• Merhaba, Kadınlar Kulübü'ne ÜCRETSİZ üye olarak yorumlar ile katkıda bulunabilir veya aklınıza takılan soruları sorabilirsiniz.

Savcıdan flaş Gezi eylemi kararı

AngryPenguin

Popüler Üye
Kayıtlı Üye
8 Haziran 2012
5.278
1.437
248
31 Mayıs’ta yaşanan Gezi Parkı olaylarında takipsizlik kararı çıktı. Savcı, “Barışçıl gösteri, izinsiz bile olsa demokratik haktır. Barışçıl gösteriye katılanlar hakkında dava açmak AİHM kararlarına aykırı” dedi.

27 Mayıs 2013'te iş makinelerinin Gezi Parkı'na girmesiyle küçük çaplı olaylar olarak başlayan Gezi eylemleri, 31 Mayıs günü sabahın ilk saatlerinde Gezi Parkı'na kurulmuş çadırlara müdahale edilmesinin ardından, geniş çaplı toplumsal gösterilere dönüştü.

31 Mayıs günü gerçekleşen gösterilerde, İstanbul'da yüzlerce kişi gözaltına alındı, gözaltına alınanlardan 74 kişi aleyhinde de soruşturma başlatıldı.

Edinilen bilgiye göre, soruşturmayı yürüten savcı, çok önemli bir karara imza attı;
Savcı Hüseyin Aslan, 74 kişi hakkında "takipsizlik" kararı verdi. Kararda, savcının takipsizlik kararı konusunda çarpıcı gerekçeler yer aldı;

-Göstericiler, barışçıl bir gösteriye katılmışlardır
-İzinsiz bile gerçekleşse, barışçıl bir gösteriye katılmak, AİHM kararları uyarınca suç teşkil etmez.
-Göstericilerin yaptığı, demokratik haklarının kullanılmasıdır.
-Göstericiler, mahkeme tarafından da hukuka aykırı bulunan ve iptal edilen Taksim Yayalaştırma Projesinin, idare tarafından uygulanma isteğine karşı bir araya gelmişlerdir.
-Göstericiler, ceza gerektirecek herhangi bir suça karışmamışlardır.
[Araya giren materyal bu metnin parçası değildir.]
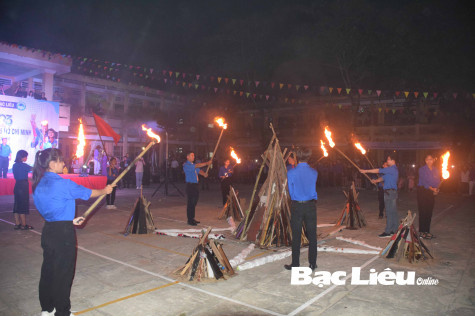 Cán bộ, đoàn viên - thanh niên Trường đại học Bạc Liêu cùng thực hiện nghi thức đốt lửa trại.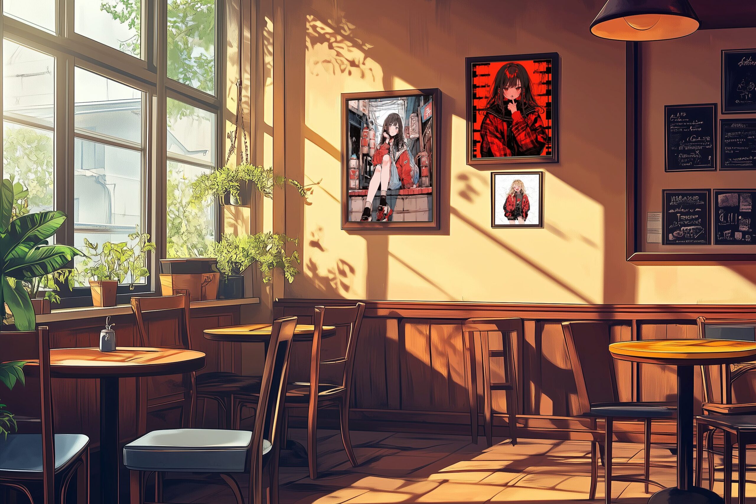 検索タグ:カフェ、インテリア、cafe、interior、店内、飲食店、オシャレ、お洒落、おしゃれ、フリー素材、フリー画像、、free、image、materials、AI生成画像、内装、内観、室内、店舗、お店、モダン、壁紙、ZOOM背景、配信用、背景素材、アイキャッチ、サムネイル、アニメアート、animeart、キャラクター、かわいい
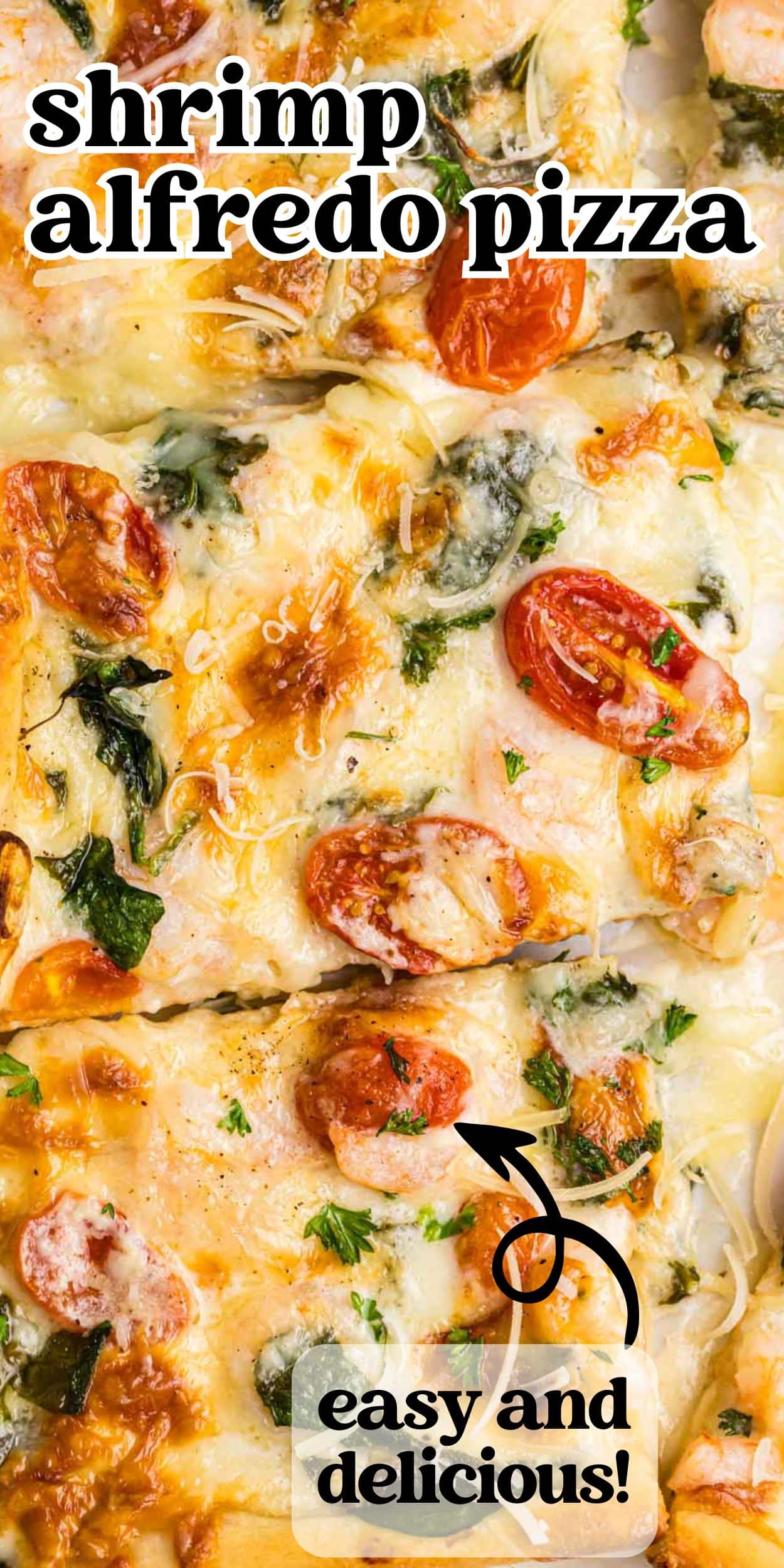 Fresh and creamy this shrimp alfredo pizza recipe is a must-make for pizza night! Under 30 minute dinner idea.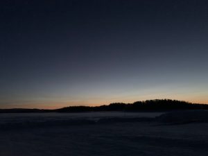 【カメラ下沖】に場所を決めテント設営するともうすぐ夜明け

Göstericiler polis tarafından, 2911 sayılı toplantı ve gösteri yürüyüşleri kanuna muhalefet etmek ve güvenlik güçlerine direnmek suçlamalarıyla gözaltına alınmışlardı.

http://www.hurriyet.com.tr/gundem/25581632.asp
 
31 Mayıs’ta yaşanan Gezi Parkı olaylarında takipsizlik kararı çıktı. Savcı, “Barışçıl gösteri, izinsiz bile olsa demokratik haktır. Barışçıl gösteriye katılanlar hakkında dava açmak AİHM kararlarına aykırı” dedi.
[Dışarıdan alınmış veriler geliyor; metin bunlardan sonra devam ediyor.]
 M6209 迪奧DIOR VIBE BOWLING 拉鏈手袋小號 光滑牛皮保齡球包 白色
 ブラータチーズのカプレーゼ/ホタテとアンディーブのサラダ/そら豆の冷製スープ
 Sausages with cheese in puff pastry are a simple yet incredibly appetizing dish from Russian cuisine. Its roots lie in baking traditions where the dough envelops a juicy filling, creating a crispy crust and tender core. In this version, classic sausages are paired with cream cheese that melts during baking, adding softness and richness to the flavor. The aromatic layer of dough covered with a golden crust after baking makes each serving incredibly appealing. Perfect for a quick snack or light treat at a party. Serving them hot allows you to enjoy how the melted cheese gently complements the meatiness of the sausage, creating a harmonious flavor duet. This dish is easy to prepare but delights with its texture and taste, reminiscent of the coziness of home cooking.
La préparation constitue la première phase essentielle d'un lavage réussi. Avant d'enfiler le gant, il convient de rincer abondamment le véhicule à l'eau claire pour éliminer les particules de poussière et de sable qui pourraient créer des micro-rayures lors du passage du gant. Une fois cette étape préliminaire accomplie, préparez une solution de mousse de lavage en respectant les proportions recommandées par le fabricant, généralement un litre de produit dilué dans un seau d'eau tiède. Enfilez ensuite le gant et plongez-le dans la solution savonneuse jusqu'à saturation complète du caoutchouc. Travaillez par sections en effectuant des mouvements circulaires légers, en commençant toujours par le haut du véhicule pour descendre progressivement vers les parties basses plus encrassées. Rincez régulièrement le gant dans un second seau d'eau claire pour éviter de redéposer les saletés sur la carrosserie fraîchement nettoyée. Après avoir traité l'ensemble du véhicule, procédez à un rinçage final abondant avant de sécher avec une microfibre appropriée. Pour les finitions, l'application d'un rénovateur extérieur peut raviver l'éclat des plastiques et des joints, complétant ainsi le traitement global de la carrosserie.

27 Mayıs 2013'te iş makinelerinin Gezi Parkı'na girmesiyle küçük çaplı olaylar olarak başlayan Gezi eylemleri, 31 Mayıs günü sabahın ilk saatlerinde Gezi Parkı'na kurulmuş çadırlara müdahale edilmesinin ardından, geniş çaplı toplumsal gösterilere dönüştü.

31 Mayıs günü gerçekleşen gösterilerde, İstanbul'da yüzlerce kişi gözaltına alındı, gözaltına alınanlardan 74 kişi aleyhinde de soruşturma başlatıldı.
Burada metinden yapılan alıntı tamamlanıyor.